The rise of compressive sensing and sparse representation has begun to provide researchers with a solid theoretical foundation for understanding the geometric and statistical properties of large high-dimensional data sets, whereas the revival of deep learning has begun to provide researchers with efficient computational platforms for handling practical (reinforced) learning tasks with large-scale, high-dimensional input data sets. Almost around the same time, the quest to seek tractable and efficient algorithms is revolutionizing optimization tools needed to learn such complex models and analyze such massive data sets. As we have mentioned before, many such optimization and learning algorithms can be easily implemented on modern cloud computing platforms, and hence can be scaled up to arbitrary sizes.

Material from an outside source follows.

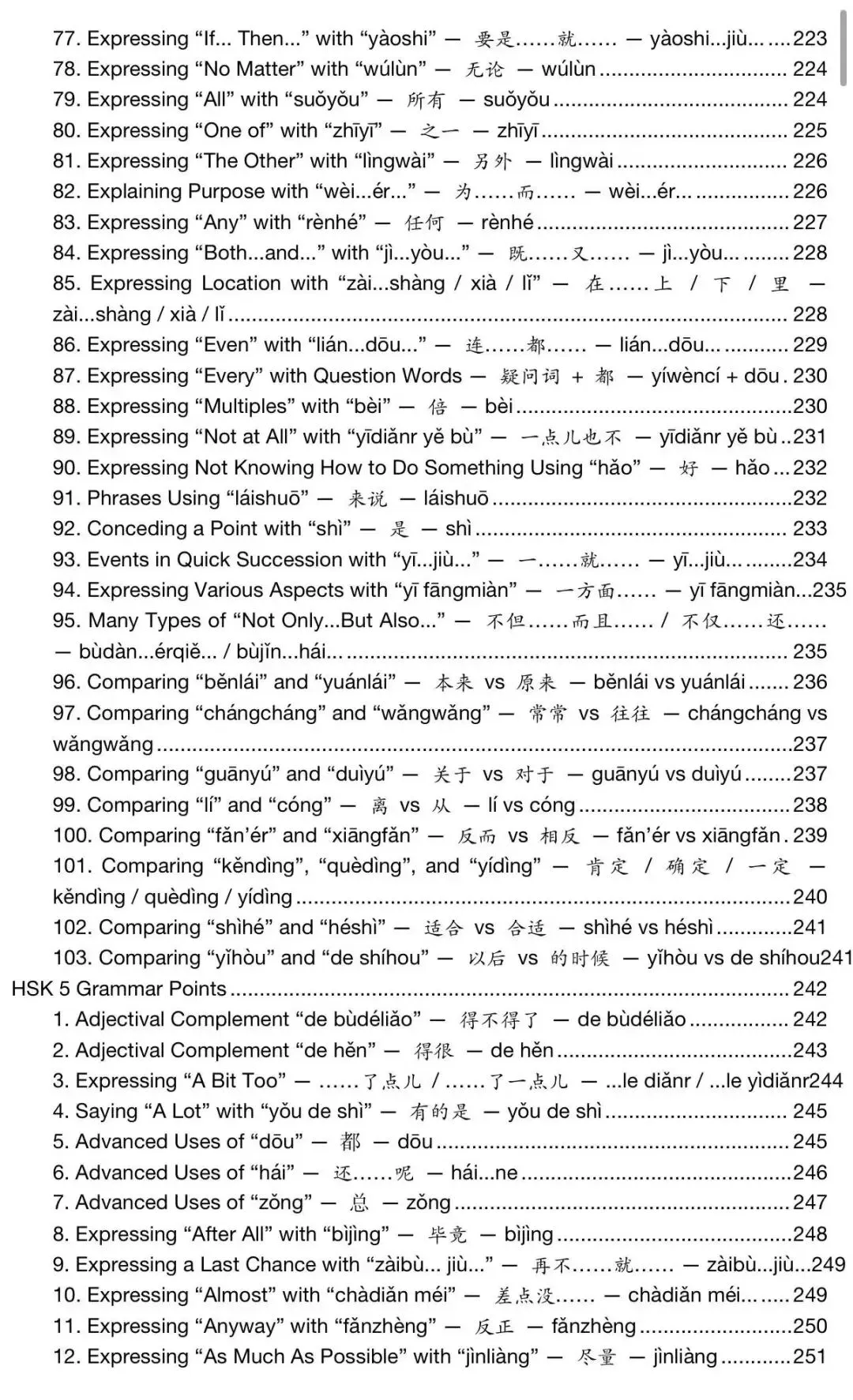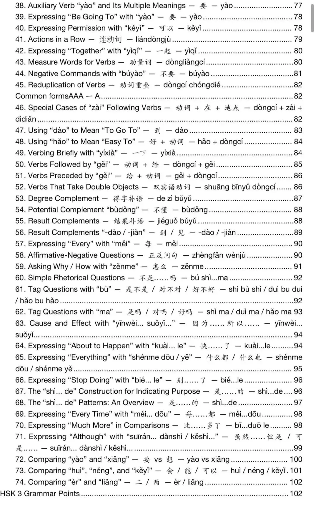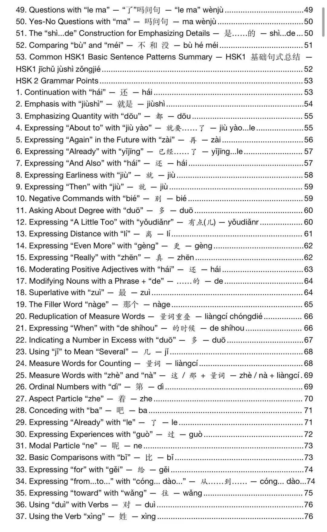 HSK 1: 53 grammar pointsHSK 2: 74 grammar pointsHSK 3: 86 grammar pointsHSK 4: 103 grammar pointsHSK 5: 138 grammar pointsHSK 6: 105 grammar points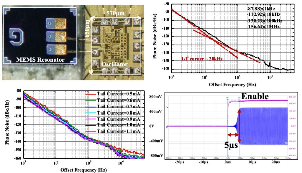 振荡器是电子系统的“心脏”,提供基准频率和参考时钟信号,是电子设备中最基础和最重要的部分之一。薄膜体声波谐振器(FBAR)具有尺寸小,Q值高,可与CMOS工艺相兼容等显著优势,能够明显改善传统石英、LC和RC振荡电路的不足。结合FBAR谐振器设计低相噪快速启动振荡电路可为无晶振射频系统提供一种新方案,具有重要的意义。该参赛作品采用180nm CMOS工艺,设计了一款基于FBAR谐振器的2.4GHz低相噪快速启动振荡器芯片。提出了一种基于Darlington单元负阻增强的Colpitts电路结构,采用动态体偏置技术,显著增强负阻同时有效缩短了起振时间。振荡器偏置在电流-电压限制区临界区域,改善了相位噪声性能。测试结果表明,电路功耗小于1mW,相位噪声为-138.23 dBc/Hz@100kHz, -156.64 dBc/Hz@1MHz,FoM值高达226,启动时间约为5 μs,实现了相位噪声、FoM值与起振时间方面的综合性能全面提升。

All these exciting developments make us believe that we are witnessing a perfect storm that takes place only occasionally in the history of science and engineering, whereby fundamental mathematical theories and significant engineering endeavors are fueling each other’s explosive development. Never before have we seen long-isolated research fields in mathematics, statistics, optimization algorithms, computer systems, and industrial applications work so closely together on a common set of challenges. As a result, every field is making progress at an unprecedented rate, feeding on or fueling the progress and success of other fields. We anticipate that this trend will continue for quite some time, until a new body of scientific and engineering knowledge is fully developed. We hope that this book helps scientists and researchers move one step closer toward that grand goal.